Its a tricky atmosphere, you will get the macho guys as well as the family mother/daughter pairs. We do not profit share, we offer a small percentage of initial signups and offer health club members a discounted rate. The health clubs insurance is used as its their facilities and mostly their members. Our classes are not a free class for health club memebrs, its better for everyone if we are not paid by the club, but by the students.

7sm


----------



## Drac (Feb 26, 2006)

*Shirt Ripper *and *Kacey *said all that I was going to..Let me add that make sure that you have the ultimate power to eject anyone who is disruptive and endanger himself or other students..Don't let them pull that "But they're longtime members" crap..If you say they're out, then they're OUT...


----------



## Zoran (Feb 26, 2006)

*7startmantis*, thanks for the different perspective. At the moment, this is the first time I am going on my own. I've been teaching at my instructor's school for the last 12 years, so it is going to be a little different than your set up.

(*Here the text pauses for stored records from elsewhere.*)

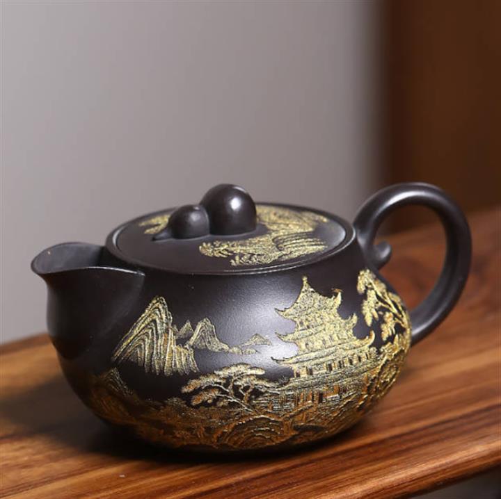 原礦石黃泥滿刻牛蓋茶壺POT7410
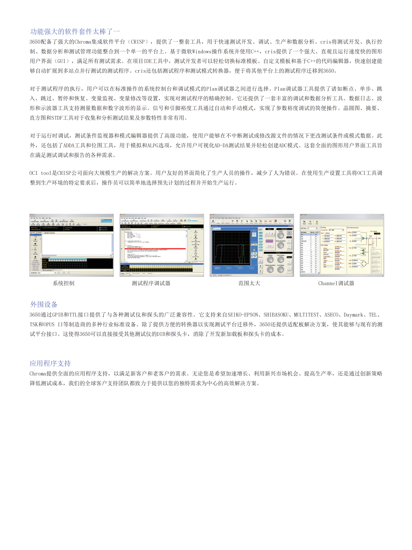 Chroma 3650是一款具有高吞吐量和高并行测试能力的片上系统测试平台,为无晶圆厂、IDM和测试机构提供最具成本效益的解决方案。
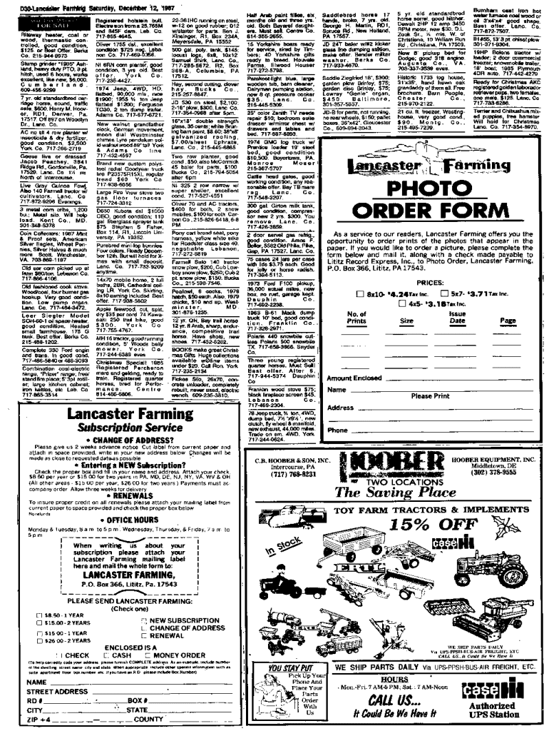 D3Olancast*r 1.V !I i1 ,X,Saturday, Dacwhbw 12,1987iFarrtilhflRegistered holstein bull, Electro son from a 25,765 MM\'.U\'llOR SAIRiteway heater, coal or wood, thermastic controlled, good condition,

*Drac*, thanks for the advise on student ejection policy. I actually brought this up to them already and they already agreed on that. It's nice to know I'm on the right track.

Anyone else thinks of something, please mention it. Even if it seems obvious to you. Sometimes we can miss forest through the trees.


----------



## IcemanSK (Mar 3, 2006)

I would parrott the "get your own insurance" & "make sure you can lock your gear" thoughts.


----------